PTfS25: Assignment 3: Pmax, data transfer

Opened: Tuesday, 20 May 2025, 12:00 AM

Due: Thursday, 29 May 2025, 10:05 AM

Max in-core performance.
(a) (20 credits) Calculate the maximum achievable in-core performance P_max in Gflop/s of an AVX512-vectorized double-precision three-point stencil on an Ice Lake SP core at 1.9 GHz:
```
for(int i=0; i<N; ++i)
  for(int j=1; j<M-1; ++j)
    a[i][j] = 0.2*(b[i][j] + b[i][j-1] +b[i][j+1]);
```
What fraction of the theoretical core peak performance is this? Also calculate the expected P_max for the AVX2 and scalar variants.
Note: You may assume that every load in the high-level code is an actual load instruction on the machine-code level.

(b) (10 credits) Assuming that nontemporal stores or cache line claim cannot be used, what is the data transfer in bytes per inner loop iteration if N and M are large so that the working set does not fit into any cache? What is thus the minimum code balance in byte/flop?
Latency and bandwidth. Consider a CPU with an asymptotic memory bandwidth of \( b_S=250\,\mathrm{GB/s} \) and a memory latency of \( T_\ell=130\,\mathrm{ns} \). Assume that the duration of data transfer follows the Hockney Model as described in the lecture.

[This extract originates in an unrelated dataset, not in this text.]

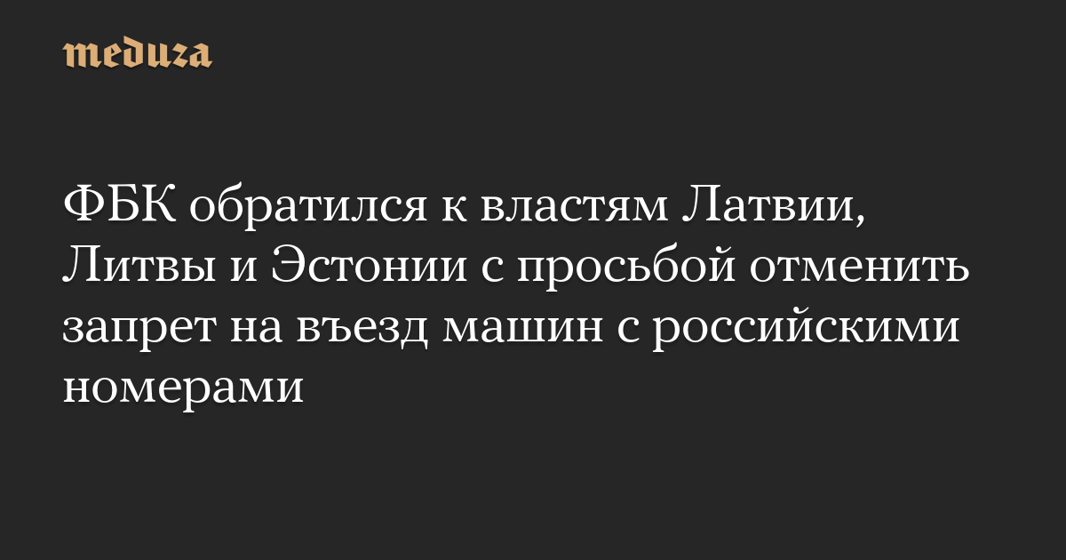 Фонд борьбы с коррупцией обратился к властям Латвии, Литвы и Эстонии с просьбой пересмотреть решение о запрете на въезд машин с номерами РФ, а также изъятии у россиян личных вещей на границе. Пример письма, которое фонд разослал уполномоченным органам трех стран, опубликовала председатель совета директоров ФБК Мария Певчих.

(a) (10 credits) Calculate the time of data transfer and the effective memory bandwidth for a message of size 4096 byte.
(b) (10 credits) For general values of \( T_\ell \) and \( b_S \), calculate the message size \( N_{1/2}(T_\ell,b_S) \) at which \( B_\mathrm{eff}(N_{1/2})=b_S/2 \), i.e., at which the effective bandwidth is half the asymptotic bandwidth.
(c) (10 credits) At a cache line size of 64 byte, calculate how many outstanding prefetches are needed to fully hide the memory latency and how much data (in bytes) must thus be kept "in flight."
Strided access. Write a benchmark code for the double-precision "vector update" kernel and modify it so that only each Mth element is used:
```
for(i=0; i<N; i+=M) 
   a[i] = s * a[i]; 
```
```
 
```
This is called a "strided loop" with stride M.
(a) (20 credits) Plot the performance of this loop versus M∈{1,2,4,8} for N=10⁸ on one Fritz core (do not forget to fix the clock frequency) and explain the change in performance with growing M. What happens if you increase M even further, using powers of two up to 2²⁰? Include that data into the plot.
(b) (20 credits) Explore what happens if you do not choose powers of 2 for M. Use strides of M=8*1.2ⁿ, with n a positive integer and M<=10⁶. Plot the data into the diagram from (a). Explain the difference in behavior.

Note: Use the benchmarking harness from previous tasks to make sure that the benchmark loop is repeated often enough to get a runtime of at least 500 ms.